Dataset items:
* * * * * * * * *

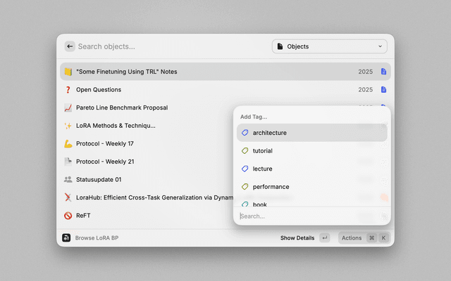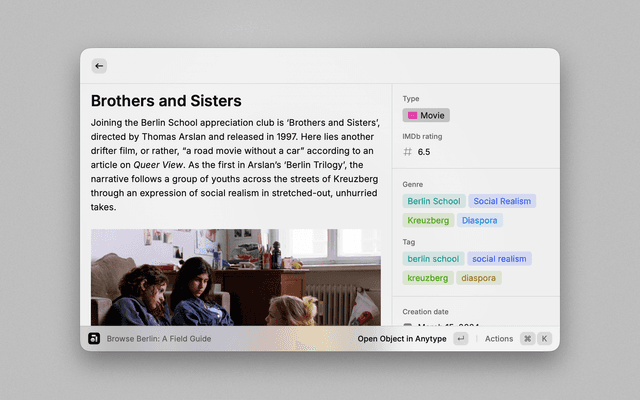 - Interact: Press Enter to view the object in Raycast or Command+Enter to open it in Anytype.
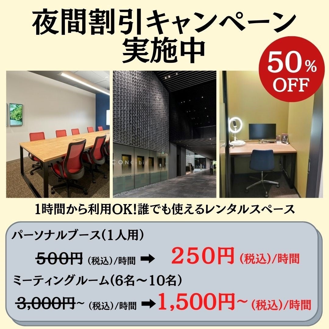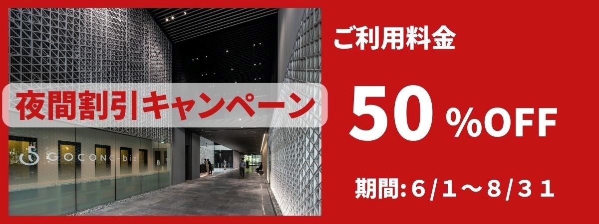 このたび、6月1日~8月31日の期間限定で21時~23時の夜間利用の料金が半額になるキャンペーンを実施します。夜間に集中して勉強したい方、趣味のサークル利用などを検討されている方、是非ともこの機会にご活用ください。
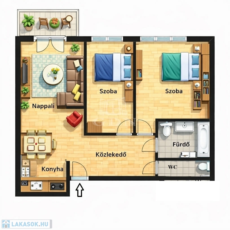 A tágas amerikai konyhás nappali közvetlen kapcsolatban áll az 5 nm-es erkéllyel, amely kellemes kikapcsolódást nyújt a mindennapokban.
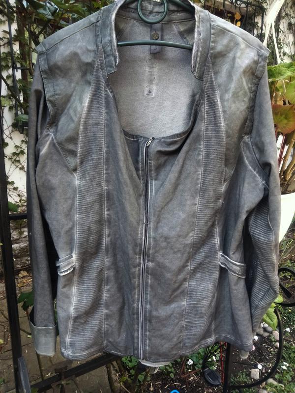 Плотный хлопок с эффектом потертости, комбинированная с кожзам, спинка по низу присборенная вставка тоненье хлопок, доставит интересную и универсальную вещь в цвете граффити. ПОГ 55 Д 60
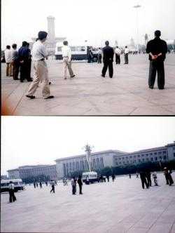 目击者证言一:5月13日天安门见闻 今早9:30,在天安门广场看到有学员在旗杆附近炼功,最多的一批有九个。
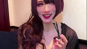 asian shemale masturbates while crossdressing!

* * * * * * * * *

▶ Exercise prompt:
The answer consists of the lines from the one holding "目击者证言一:5月13日天安" to the end of the records, inclusive, restated exactly and without pictures.

▶ Output below:
 目击者证言一:5月13日天安门见闻 今早9:30,在天安门广场看到有学员在旗杆附近炼功,最多的一批有九个。
 asian shemale masturbates while crossdressing!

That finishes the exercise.